Available records:

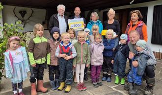 Den Körler Waldkindergarten gibt es schon mehr als 20 Jahre. Im Sommer 2003 richtete die Gemeinde Körle ein Gelände im Tal der Trockenen Mülmisch her, das seitdem Anlaufpunkt für bis zu 25 Kinder im Alter von drei bis sechs Jahren ist. Im Laufe der Jahre haben mehr als 200 Kinder eine tolle Zeit auf dem Wald-Wiesen-Bachgelände unweit des Wilhelm-Pfeiffer-Brunnens genossen. Auch in Zukunft soll das naturnahe Betreuungsangebot für Kinder und Eltern bestehen bleiben. Eine finanzielle Unterstützung leistete dafür nun Volker Emmeluth, langjähriger Jagdpächter des Reviers Körle/Empfershausen und Seniorchef der Bauunternehmung Emmeluth: Über eine Spende von 500,- € konnten sich die Kinder und Erzieher Anfang Mai freuen, als die Waldkinder bei ihrer Wanderung eine Rast auf der Jagdhütte einlegten. Hier gab es nicht nur einen Scheck, auch einige Geweihe waren zu bestaunen und es gab noch eine kleine Stärkung, die Ilka Emmeluth für die Kinder vorbereitet hatte. Zum guten Schluss überreichte Frau Emmeluth noch zehn Kinder-Bauhelme, die sofort von den kleinen Gästen anprobiert wurden. Mit einer Holztafel im Gepäck bedankte sich der Waldkindergarten bei Emmeluths für die gelungene Aktion. Die Gemeinde Körle schließt sich diesem Dank gern an.
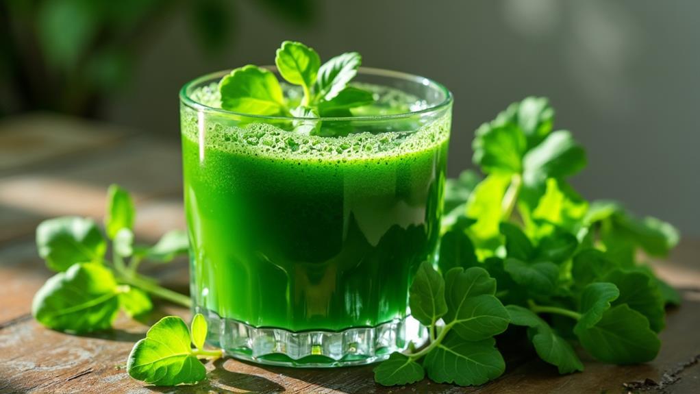 Watercress juice also supports cardiovascular health due to its content of dietary nitrates, which improve blood flow and vascular health. This can help maintain comprehensive heart health. Remember, it's essential to wash the watercress thoroughly before juicing to remove any potential contaminants. By understanding watercress juice's potent benefits, you can make a healthful enhancement to your diet that supports your immune system and comprehensive well-being.
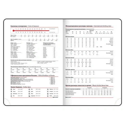Помимо прочего, ежедневник снабжен обширным справочным материалом. В конце ежедневника есть 3 страницы для записей и заметок.
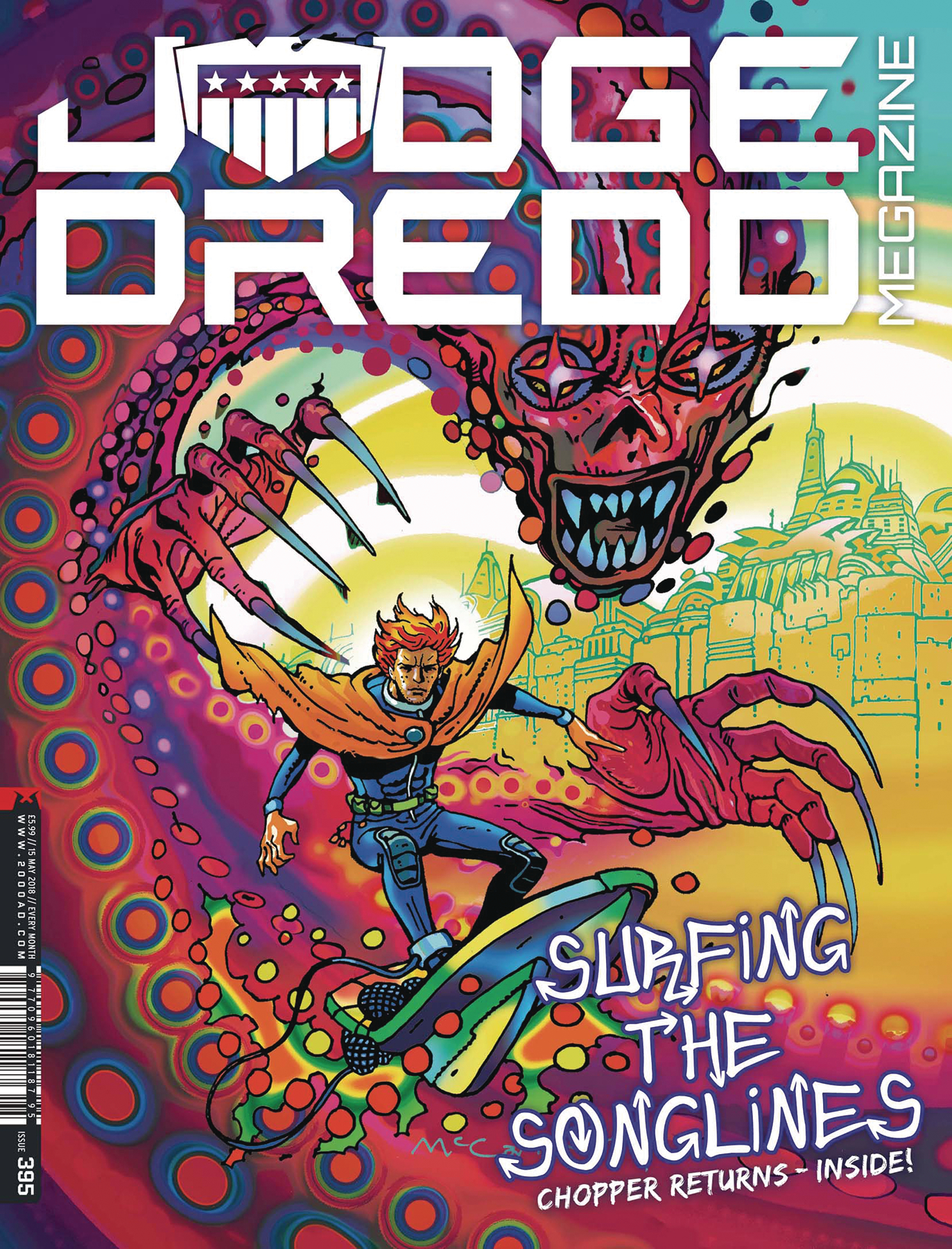 More action and adventure in the future-shocked world of Judge Dredd! The lawman tackles smart-drug addiction on a university campus in "Brain Drain"; Devlin Waugh's date night turns surreal in "Kiss of Death"; "The Returners" face the final reckoning by; Chopper battles to save Oz in "Wandering Soul", and there's the climax of the special Strange Brigade story that leads into this year's must-have action-horror videogame. Plus the usual interviews and features - and in the bagged supplement this month,
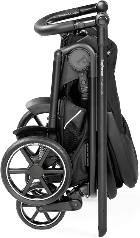 Прогулочная коляска Veloce складывается и раскладывается всего одной рукой с помощью специальной централизованной системы складывания, расположенной на ручке. В сложенном виде занимает очень мало места, и сама стоит без опоры, не пачкая ручку и тканевую обивку.
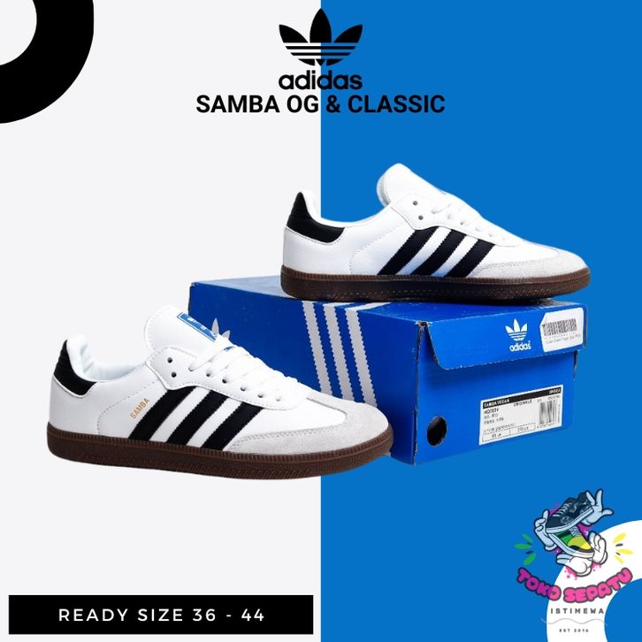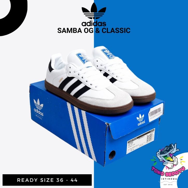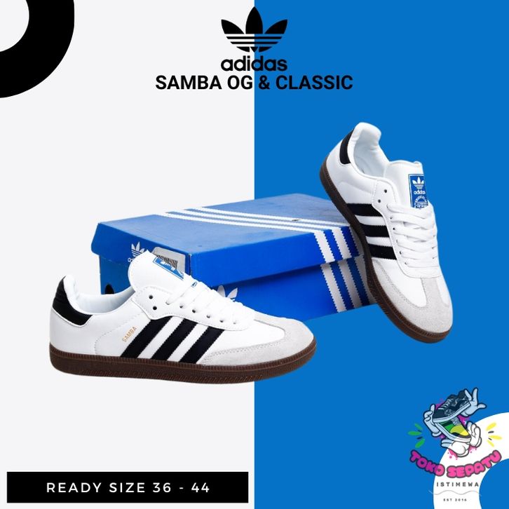 Sepatu Sneakers Pria Wanita Casual Adidas Samba OG Classic Putih List Hitam White Black Original Premium BNIB
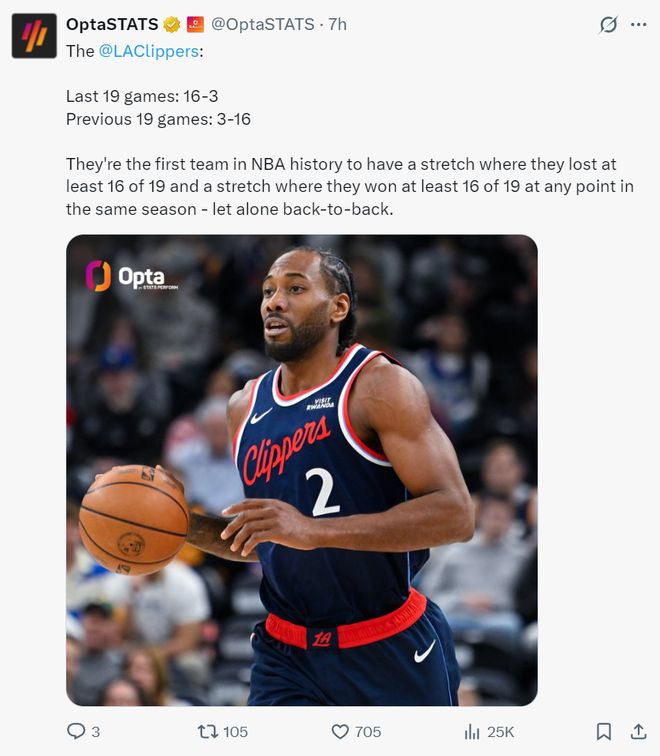 快船115-103大胜爵士拿到三连胜,这场比赛快船一度领先爵士达到21分,两支球队的硬实力明显不在一个层次上面,如今的快船已经不再是赛季初那支6胜21负的鱼腩球队,他们距离五成胜率只差2场,最近的19场比赛他们赢下其中16场同期联盟第一。
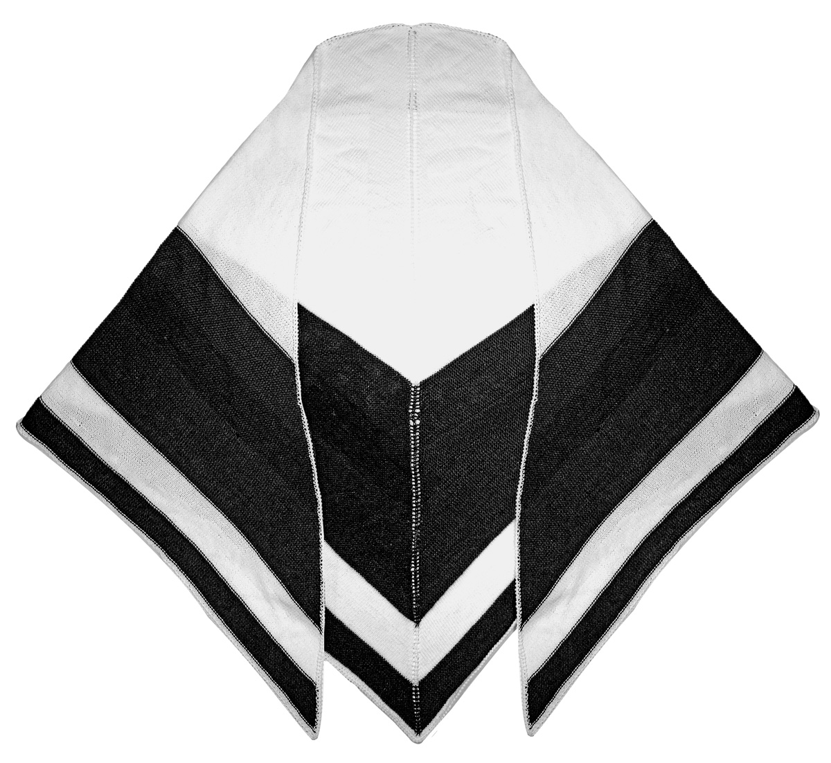 250 g of Lana Grossa Cashair (60% cotton, 30% nylon, 10% cashmere; 225 m/50 g) in Black (col 8) and 200 g in White (col 16). Size 4 mm circular needle, 80 – 120 cm long; size 4 mm crochet hook
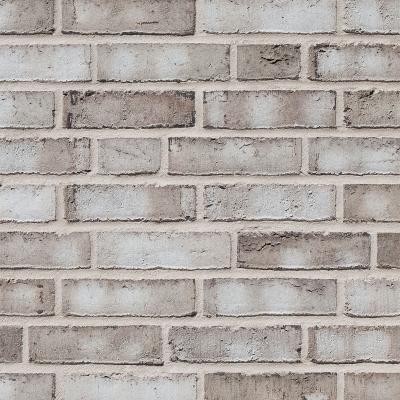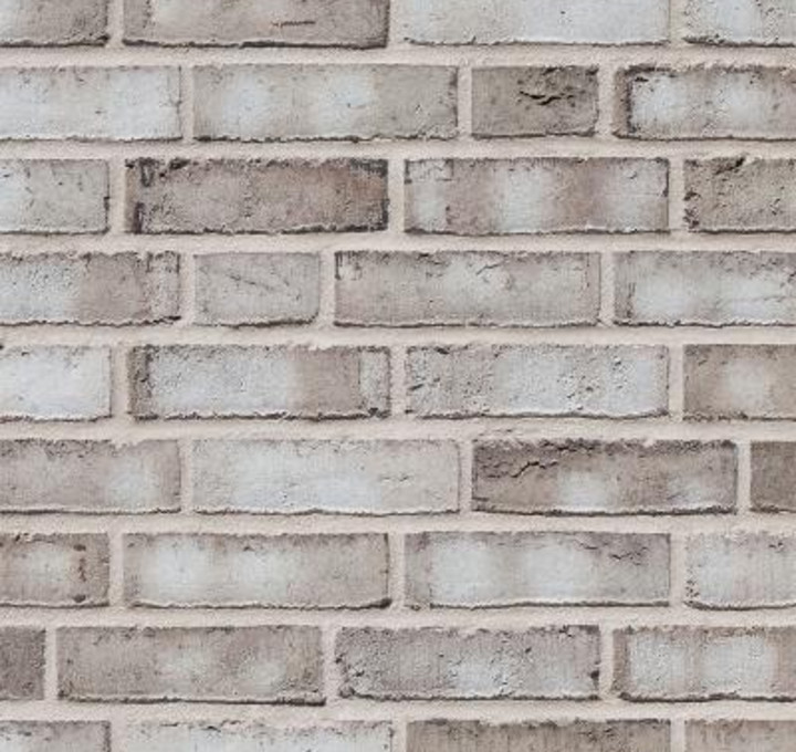 The hand molded facing tile is distinguished by its cool, light gray color and gently split edges.
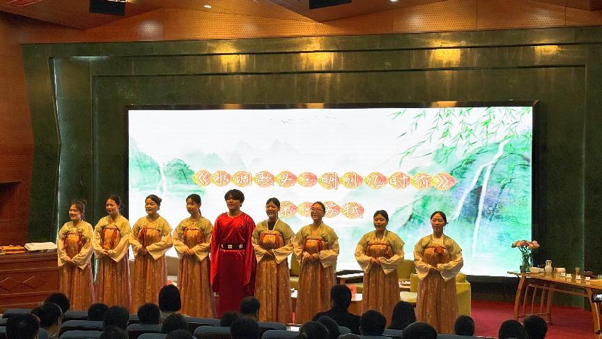 活动伊始,身着古装的学生们缓步登台,以一首《水调歌头·明月几时有》的深情诵读拉开序幕,“但愿人长久,千里共婵娟”的美好祈愿流淌在会场内外。

Work order:
Begin with the line containing "The hand molded", stop at the last line of the records above, and copy every line in between exactly, both ends included, with no pictures.

Finished task:
 The hand molded facing tile is distinguished by its cool, light gray color and gently split edges.
 活动伊始,身着古装的学生们缓步登台,以一首《水调歌头·明月几时有》的深情诵读拉开序幕,“但愿人长久,千里共婵娟”的美好祈愿流淌在会场内外。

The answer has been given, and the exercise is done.